He glanced over. Mashiba’s hands weren’t moving anymore. The smile returned but his eyes were open. There was nothing joyful about the expression.

“Whatever you were before, it’s obvious the person you are today cares about Nishimiya very much,” said the graduate. “You’ve become the kind of person who protects others instead. Like her. Like Nagatsuka.” Mashiba was watching him. His eyes were very dark. “So if we’re both angry about what happened together, I think that’s alright.”

Shouya knew he was supposed to say something, but he didn’t.

_I don’t think… I grew into a fine young man._

_And I don’t want to think so either._

Maybe Mashiba remembered after all.

Even so, Shouya didn’t expect him to look down.

“I think,” said Mashiba slowly, carefully, “that there is something missing inside me. A reason I’ve been afraid to look too closely at who I am and who teased me. After all... maybe they were right.”

He needed to say something.

He couldn't.

The koi were impatient.

Mashiba chuckled. “Anyway. This will be a weakness for as long as I leave it alone. Looking with a friend though… that doesn’t seem so bad.”

And eventually, haltingly, Shouya began to speak.

It was never really about Nishimiya at all. Not as a person.

The things that made her a target were such small details. Such minor inconveniences. Stopping over and over again during class. Falling behind on notes while taking others with her. Lower expectations from the teacher. Lost competitions in chorus. Repeating conversations.

That was part of it. She couldn’t keep up. She committed the sin of failing to meet standards, socially and academically.

Her struggle to speak. The necessity of hearing aids. Her notebook. Those parts just made it easier to pretend she wasn’t human. Little oddities.

“She wasn’t unique,” Shouya explained. Shred the food in his hands. Let it go. A mechanical gesture. “There was a guy who stole my shoes once, before everything happened. He was bigger than me. Sweat a lot. I called him Deluxe, like some kind of monster to beat." So many mouths, opening and closing without saying a word. "He offered to return my stuff when I asked, but part of me felt like he'd ruined it.
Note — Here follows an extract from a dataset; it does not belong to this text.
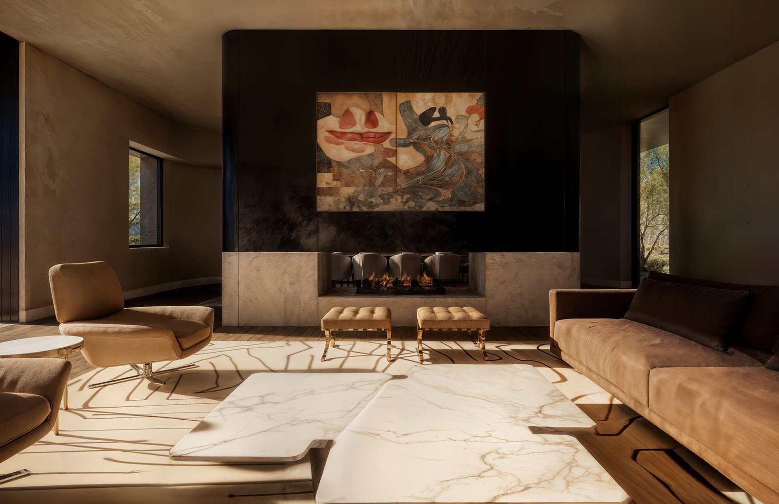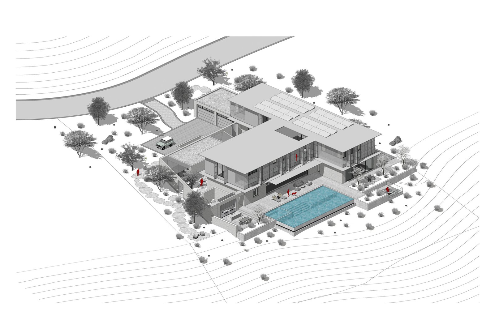 Echo’s environmental performance is inseparable from its architectural identity. Ribbed concrete walls act as thermal mass, absorbing heat by day and releasing it by night to stabilize interiors. Wood slat screens extend this strategy, filtering daylight, mitigating solar gain, and enabling natural ventilation through operable openings. Together, they reduce dependence on mechanical conditioning while enriching the home’s sculptural rhythm. The central courtyard serves as a climatic lung, channeling breezes for cross-ventilation and cooling while extending living areas into shaded, naturally conditioned outdoor rooms. Roof overhangs and recessed glazing choreograph shade, while drought-tolerant planting and efficient irrigation reinforce water stewardship and ecological continuity. Material selections emphasize resilience, longevity, and wellness. Concrete and reclaimed wood were chosen for durability and graceful aging, reducing replacement cycles. Low-VOC finishes ensure healthy indoor air quality, while expansive glazing provides abundant daylight and visual connection to the desert landscape, enhancing human well-being. Echo demonstrates that sustainability and poetics are not parallel agendas but one inseparable language. By embedding environmental performance into form, structure, and materiality, the home achieves resilience without compromise, transforming passive strategies into a source of artistry, delight, and enduring human connection to place.

This was a final boss fight. So I hit him anyway.” Shouya scuffed his toe on the bridge. Paused. “I used to tell myself Nishimiya was an alien invader. She didn’t know how to use Japanese, so other signals were needed.”

“What was the point?” Mashiba wasn't moving in the corner of his eye. To look closer would have felt like a mistake.
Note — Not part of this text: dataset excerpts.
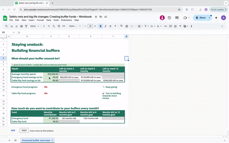 All you need to do is plug in your monthly spend, track what you’ve already saved, and set how much you can commit each month. The sheet shows your progress, highlights the gap, and keeps you motivated with a clear path forward.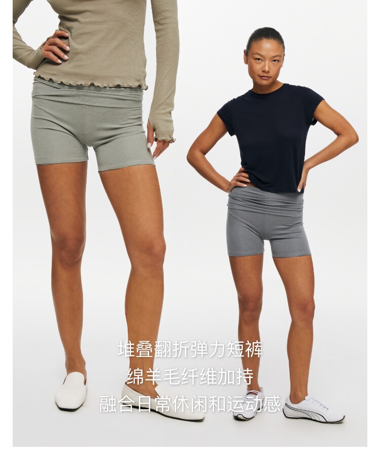 Oneup莫代爾羊毛堆曡高彈透氣修身吸汗親膚休閒運動健身瑜珈短褲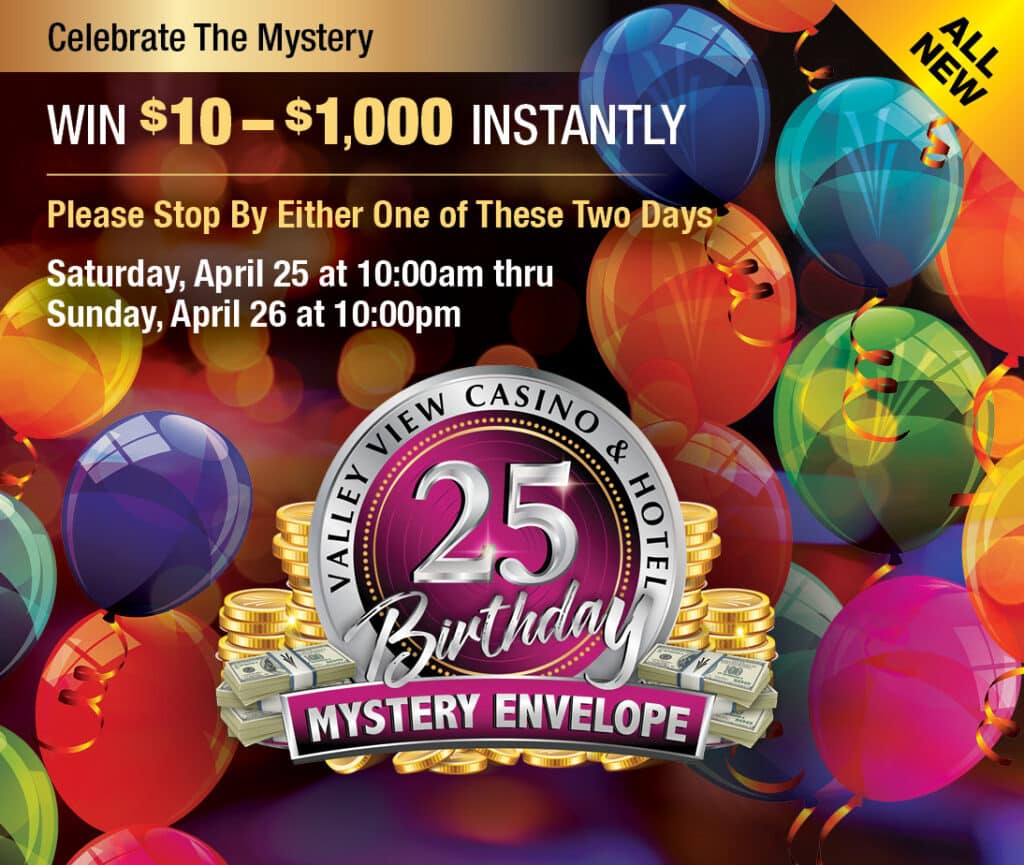 Join us at Valley View Casino & Hotel for our Thirsty Thursdays promotion where you can sip on $5 ice-cold draft beer, $6 hand-selected wines and $7 refreshing cocktails. Enjoy these specials throughout the casino and at any of our restaurants or bars.

“…Just boredom. For me,” he found himself admitting. His hands constricted around the loaf. Stopped. Deliberately relaxed. “I don’t think it was like that for everyone, but that only makes it worse. Not once did it cross my mind that I what I was doing was to a person. And then when… when things changed, and I became the target instead, I got it. I knew. But by then I was angry.”

He had to keep himself empty. Divorce words from images, from memories. Forget his friends. Forget the pond. Forget the iron taste of blood rolling across his tongue. Down his chin. Nearly puking from being hit. Being submerged. Being sprayed.

_Kill yourself._

“I couldn’t reach the rest of them. And back then, I… it took a while for me to accept that it was my fault. Even if I wasn’t alone. So I blamed Nishimiya.”
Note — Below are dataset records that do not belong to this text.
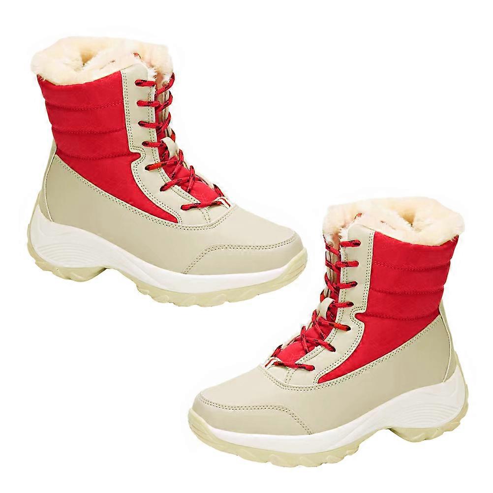 Warm Faux Fur Lined Women Snow Boot Winter Nonslip Lace Up Shoes Booties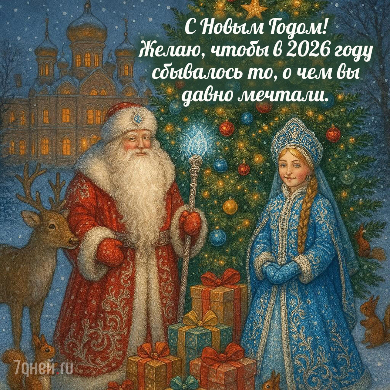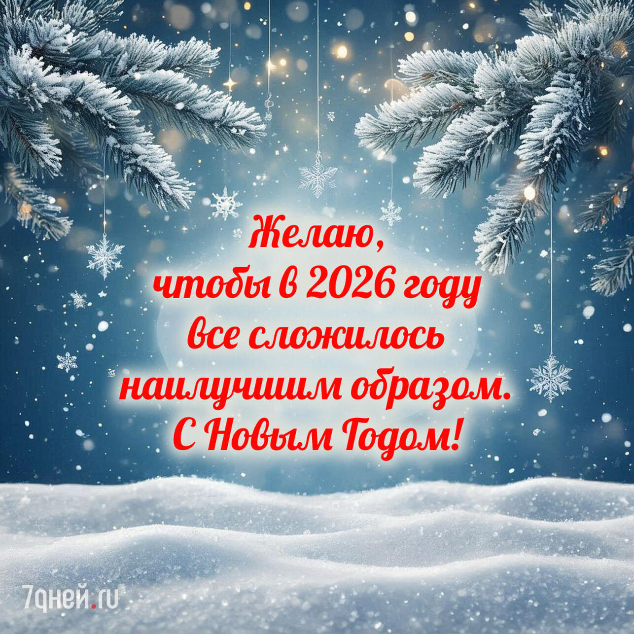 Мы подготовили подборку из 30+ открыток с теплыми, добрыми и универсальными пожеланиями. Их удобно отправлять друзьям, родным, коллегам и всем, кого хочется поздравить с наступающим 2026 годом.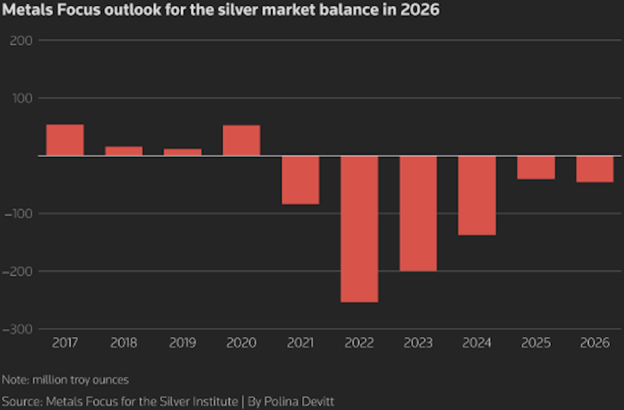 As for the 2026 outlook, Reuters reported last week that industrial demand for silver is seen down 3% to 640Moz, but coin and bar demand should rise by 18% to 258Moz.

His arms folded over the balustrade, and Shouya pressed his forehead there.

“Stupid, evil thing,” he muttered. “I should have known that.”

“You know now,” answered Mashiba. Very controlled. “It’s obvious.”

“Yeah,” Shouya replied, “but it’s too late. Nothing will change what happened.”

_It’s not enough._

_It will never be enough._

“Unlike some people,” Mashiba replied, clipped, “you've helped Nishimiya find happiness today. You make her happy. So how about you don’t ruin that for her, eh?”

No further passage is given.